Can Chest X-Rays Find Lung Cancer Early?
Recent News About Peter Jennings Raised Questions About Lung Cancer Screening
April 8, 2005 -- When the news that Peter Jennings had lung cancer hit earlier this week, many WebMD users asked why doctors don't use chest X-rays to diagnose lung cancer at an early stage, when it's more treatable.
WebMD turned to cancer expert Harold Burstein, MD, assistant professor of medicine at Harvard Medical School in Boston, for the answer.
Lung Cancer Most Preventable
"Lung cancer is the No. 1 cause of cancer death in the U.S. for both men and women. The vast majority of lung cancer cases are caused by smoking," Burstein tells WebMD. "Thus, lung cancer simultaneously represents the most devastating cancer in our society, and the most preventable."
He says there are good screening tests for many types of cancer, such as the Pap smear for cervical cancer, the mammogram for breast cancer, and colonoscopy for colorectal cancer.

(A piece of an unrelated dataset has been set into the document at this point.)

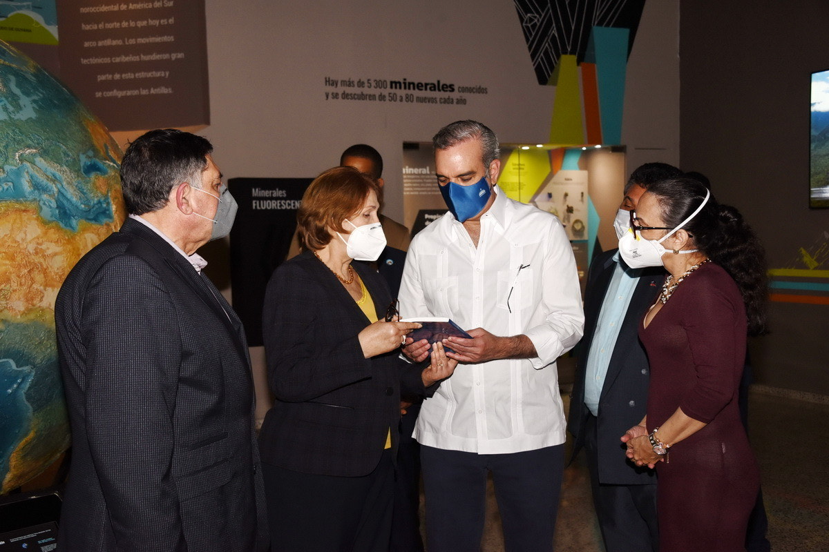 Para finalizar el recorrido, el presidente Abinader fue guiado por algunas salas del Museo de Historia Natural Prof. Eugenio de Jesús Marcano en compañía de la directora Celeste Mir, quien lo puso al tanto de la situación que vive el plantel y los objetos que se exhiben.

But what about chest X-rays for lung cancer?
Too Late for a Cure
"The answer is surprisingly complex," he says.
Chest X-rays are inadequate for diagnosing lung cancers at an early stage, when they are more treatable.
"By the time lung cancers are discovered on chest X-ray, the tumor is often too far advanced to allow the patient to be cured with surgery or radiation therapy. Chest X-rays often miss small, potentially curable lung tumors, as they are too hard to see," says Burstein.
In addition, many things seen on a chest X-ray turn out to be artifacts or benign problems. "If you start getting lots of screening chest X-rays, you end up performing other testing on many patients, which are often unnecessary."
In recent years a lot of attention has been paid to high-tech scans called high resolution, spiral CT scans. The hope was that these CT scans would be able to find smaller, earlier cancers without leading to further unnecessary tests.
"A variety of recent studies in the U.S. and Japan have suggested that high-resolution CT scans can often detect lung cancers. In particular, these cancers seem to be small (stage I), suggesting that they may be more likely to be cured with surgery," says Burstein.
However, he explains that these were small, early studies that were not able to answer the questions of whether CT scans can actually save lives.